O novo desenvolvimento ocorre no momento em que um comissário de bordo da companhia aérea KLM que apresentou sintomas leves de hantavírus e foi internado em um hospital em Amsterdã deu negativo para o vírus, disse a Organização Mundial da Saúde na sexta-feira.
“Recebemos uma notificação através do nosso ponto focal do RSI (Regulamento Sanitário Internacional) de que o teste dele deu negativo”, disse um porta-voz da OMS.
A comissária de bordo teria entrado em contato com um passageiro doente de um barco de cruzeiro holandês que foi retirado do avião da KLM e mais tarde morreu do vírus na África do Sul.
O destino do Hondius provocou alarme internacional quando três pessoas que viajavam nele morreram, embora as autoridades de saúde tenham minimizado os receios de um surto global mais amplo do vírus transmitido por ratos, que é menos contagioso que o Covid-19.

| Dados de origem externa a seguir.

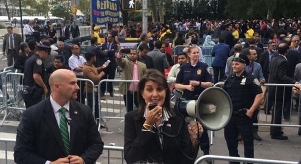 Nueva York, septiembre 28 - "¡Continuaremos luchando por los venezolanos hasta que Maduro se vaya!", gritó megáfono en mano la embajadora estadounidense ante la ONU, Nikki Haley, a un grupo de venezolanos que manifestaban contra el presidente de su país este jueves frente a Naciones Unidas.
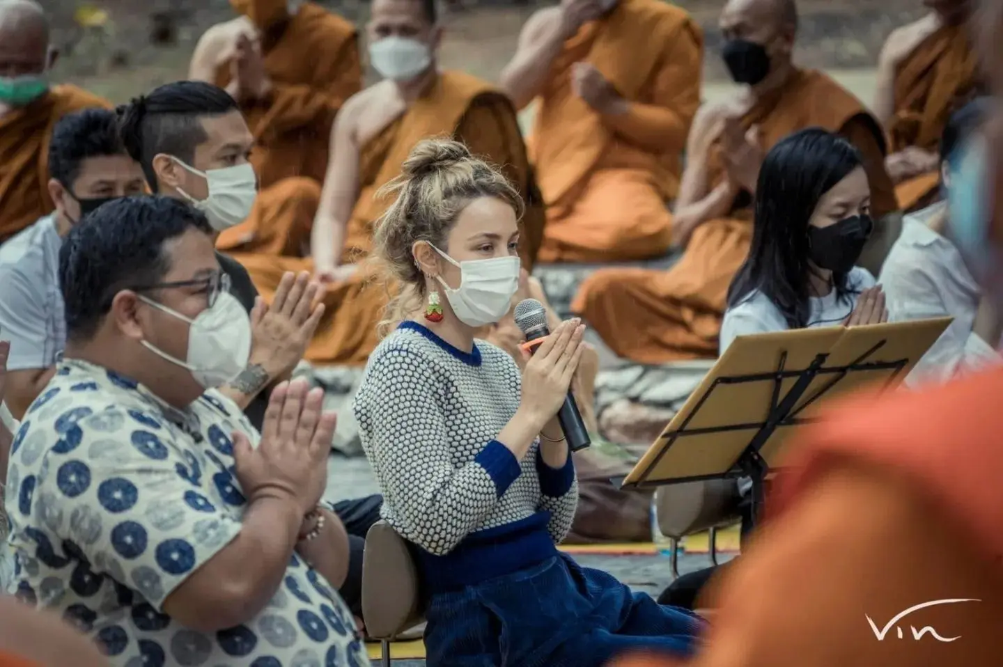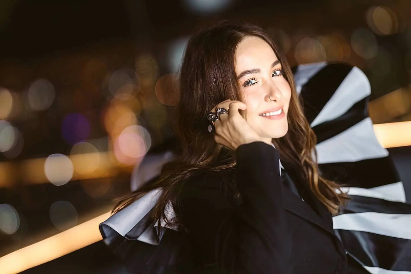 แต่ทันใดนั้นเองก็ทำเอาบรรดาแฟนๆแห่เข้ามาส่องแฟชั่นต่างหูของเธอที่มีรูปร่างเป็นพวงมาลัย เข้ากับบรรยากาศงานบุญเป็นอย่างมาก พร้อมที่จะแย่งซีนเจ้าของชุดกันเลยทีเดียว
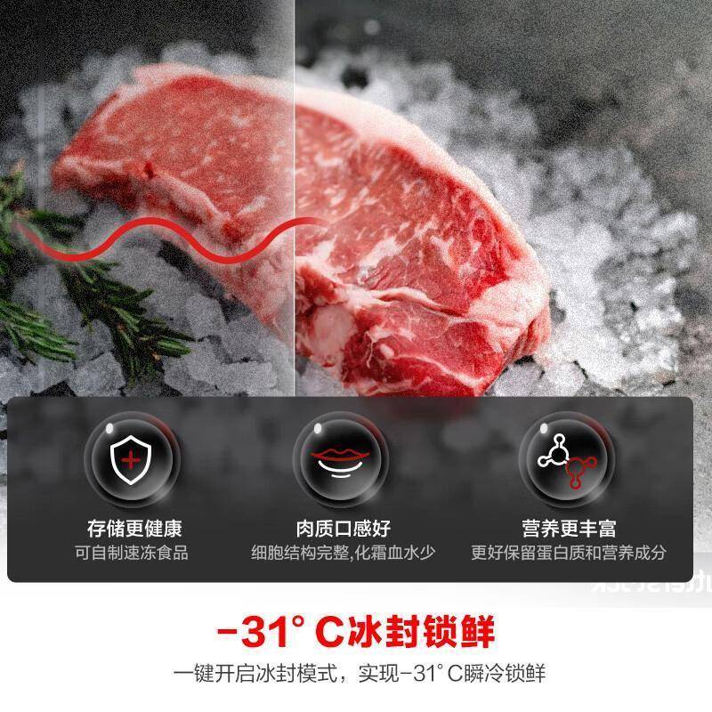双净系统+四区独立控温构成这台冰箱的保鲜内核。冷藏室搭载的蓝光SPA养鲜技术,通过模拟自然光波长延缓蔬果光合作用,实测菠菜存放7天后仍保持挺拔状态;冷冻室采用-25℃深冷速冻,三文鱼块解冻后肌理分明,血水渗出量减少62%。

Outro passageiro doente do navio desembarcou ontem na Europa, enquanto o navio se dirigia às Ilhas Canárias espanholas e as autoridades de saúde lutavam para rastrear um surto potencialmente mortal entre humanos.
Um casal holandês que viajou pela América do Sul antes de embarcar no navio foi o primeiro a morrer.
As autoridades de saúde da Argentina disseram na quinta-feira que ainda não haviam confirmado onde o surto começou.
“Com as informações fornecidas até agora pelas agências nacionais relevantes e participantes, não é possível confirmar a origem da infecção”, disse o Ministério da Saúde após reunião com autoridades nas 24 províncias da Argentina.
A principal suposição do governo argentino é que o casal holandês contraiu hantavírus enquanto observava pássaros em um depósito de lixo em Ushuaia, Argentina – onde o MV Hondias estava desde 1º de abril.
O chefe da OMS, Tedros Adhanom Ghebreyesus, disse a repórteres em Genebra que um total de cinco casos confirmados e três suspeitos, incluindo três mortes, foram relatados.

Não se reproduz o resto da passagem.